# HW2

Hua Yao, UNI:hy2632

## Problem 1: Convolutional Neural Networks [20 points]

The input RGB- image has 3 channels. Apply Conv2D to each channel to get 3 feature maps.

When there's no padding, the shape of 3 feature maps are $$125\times125$$.

$O = \frac{I-k}{s} + 1 = \frac{128-4}{1} +1 = 125$

The number of parameters in the convolution layer is $$4^2 \times 3 = 48$$

The shape of 3 feature maps after max-pooling are $$61\times61$$ $O = \frac{I-k}{s} + 1 = \frac{125-5}{2} + 1 = 61$

The number of parameters in maxpooling is $$0$$.

After maxpooling, the fully connected layer maps $$I: 61\times61\times3 \to O:256$$, which takes $$61\times61\times3\times256=2857728$$ parameters.

The output layer maps $$I:256 \to O:10$$ and then softmax. This step takes $$256\times10=2560$$ parameters.

• Total number of parameters in the NN is $$48+0+2857728+2560=2860336$$.
• The shape of feature maps of Conv layer is $$125\times125$$, that of max-pooling is $$61\times61$$.
• The max-pooling layer consists of 3 feature maps (same number of channels as in the Conv layer, because max-pooling is channel-wise)

## Problem 2: Deep Residual Networks [40 points]

### 2.1 Form of partial derivative

$a_{i+1} = a_i + \frac1T\cdot|Wa_i|$

Assume that $$W \in \mathbb{R}^{d\times d}, a_i \in \mathbb{R}^d$$.
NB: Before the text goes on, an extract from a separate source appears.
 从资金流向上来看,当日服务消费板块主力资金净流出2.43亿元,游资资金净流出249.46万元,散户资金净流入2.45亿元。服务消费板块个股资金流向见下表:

\begin{aligned}\because|Wa_i| &= \sqrt{(Wa_i)^TWa_i}\\ &=\sqrt{a_i^TW^TWa_i}\\ &=\sqrt{a_i^Ta_i}\\ &= |a_i| \end{aligned}

\begin{aligned}\frac{\partial|a_i|}{\partial a_i} &= \frac{\partial}{\partial a_i} \sqrt{a_i^Ta_i}\\ &=\frac{2a_i}{2\sqrt{a_i^Ta_i}}\\ &= \frac{a_i}{|a_i|} \end{aligned}

\begin{aligned}\therefore \frac{\partial a_{i+1}}{\partial a_i} &= I + \frac1T\frac{a_i}{|a_i|} \text{\quad (broadcasting to each column)} \end{aligned}

From chain rule,

$\frac{\partial L}{\partial a_t} = \frac{\partial L}{\partial a_T}\cdot \frac{\partial a_T}{\partial a_T-1}...\frac{\partial a_{t+1}}{\partial a_t}$

### 2.2 Upper bound

Reference: https://www.cs.utexas.edu/users/flame/laff/alaff-beta/chapter01-norms-matrix-submultiplicative.html

The 2-norm of matrix is defined by $||A||_2 = \sqrt{\lambda_1}$ where $$\lambda_1$$ is the greatest eigenvalue of $$A^TA$$.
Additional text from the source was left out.